- WHAT YOU ARE ASKED TO DO -
The required output is the exact text of the lines from the line containing "The riverfront campus" through the final line below, inclusive, without pictures.

- INPUT DATA -
=== Begin Enclosure ===

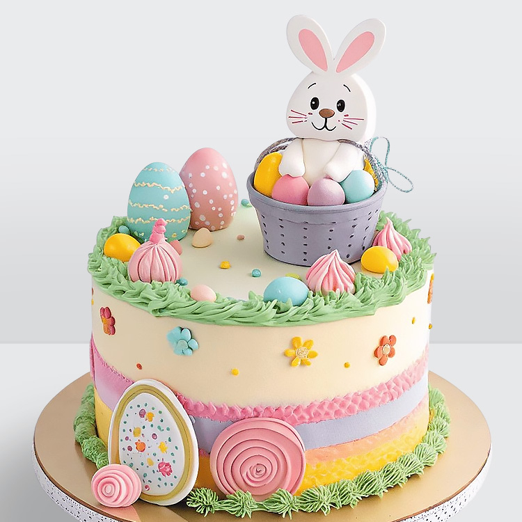 Торт на пасху с зайкой и цветными яйцами № 1036
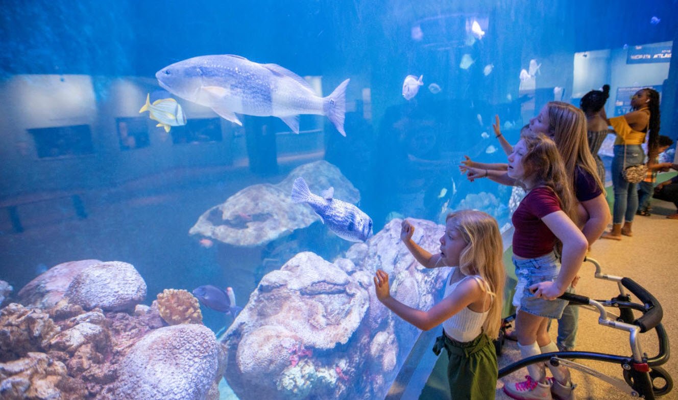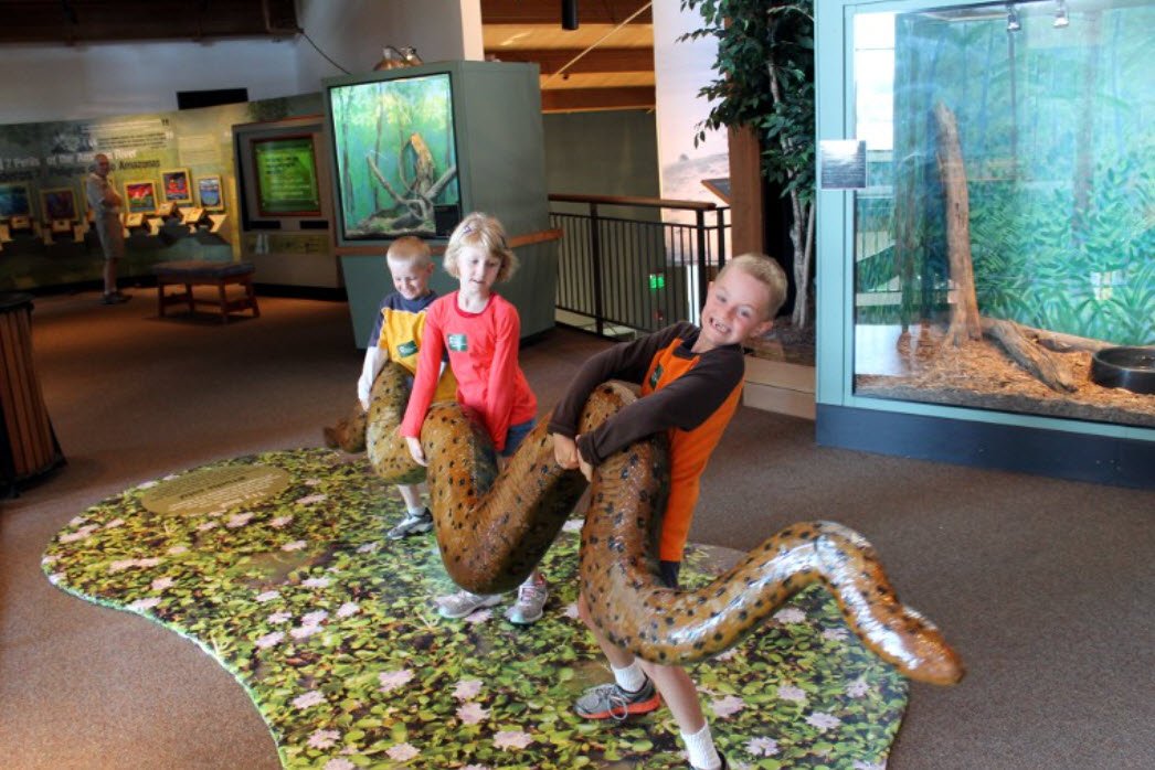 The riverfront campus includes two main buildings with interactive displays, over a dozen aquariums housing species like giant catfish, sturgeon, stingrays, river otters, and even octopuses, plus outdoor habitats featuring raptors and wetlands. Visitors can explore historic boats, a blacksmith shop, and a train depot, as well as attend educational programs and 3D/4D theater presentations.
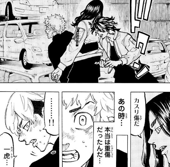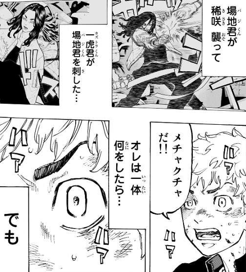 稀咲の所に行こうとしていた場地を、一虎は後ろから刃物で刺します。一虎に刺された場地を心配する武道ですが、場地の傷はカスリ傷のようで、武道に稀咲を殺るから黙って見ているように言います。色々なことが怒り混乱する武道ですが、一虎が場地を殺す未来を止めたと思い、後は自分が東卍のトップになる為に武道は稀咲を潰そうとします。
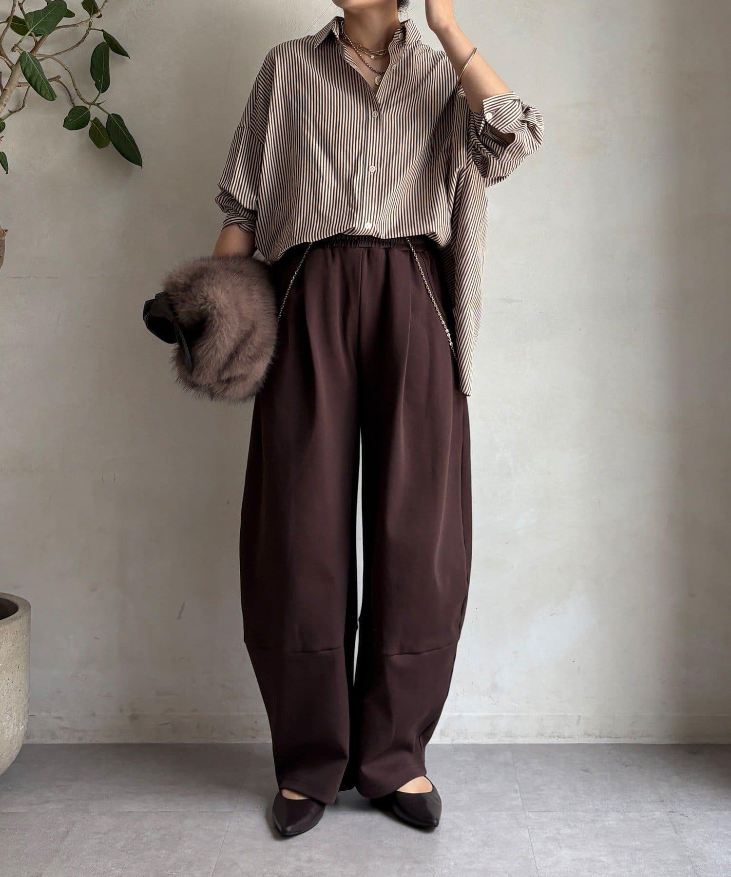 完全鬆緊的腰部設計讓人毫無壓力,可搭配或不搭配上衣,是一款可穿可脫的百搭單品。

=== End Enclosure ===

- ANSWER SECTION -
 The riverfront campus includes two main buildings with interactive displays, over a dozen aquariums housing species like giant catfish, sturgeon, stingrays, river otters, and even octopuses, plus outdoor habitats featuring raptors and wetlands. Visitors can explore historic boats, a blacksmith shop, and a train depot, as well as attend educational programs and 3D/4D theater presentations.
 稀咲の所に行こうとしていた場地を、一虎は後ろから刃物で刺します。一虎に刺された場地を心配する武道ですが、場地の傷はカスリ傷のようで、武道に稀咲を殺るから黙って見ているように言います。色々なことが怒り混乱する武道ですが、一虎が場地を殺す未来を止めたと思い、後は自分が東卍のトップになる為に武道は稀咲を潰そうとします。
 完全鬆緊的腰部設計讓人毫無壓力,可搭配或不搭配上衣,是一款可穿可脫的百搭單品。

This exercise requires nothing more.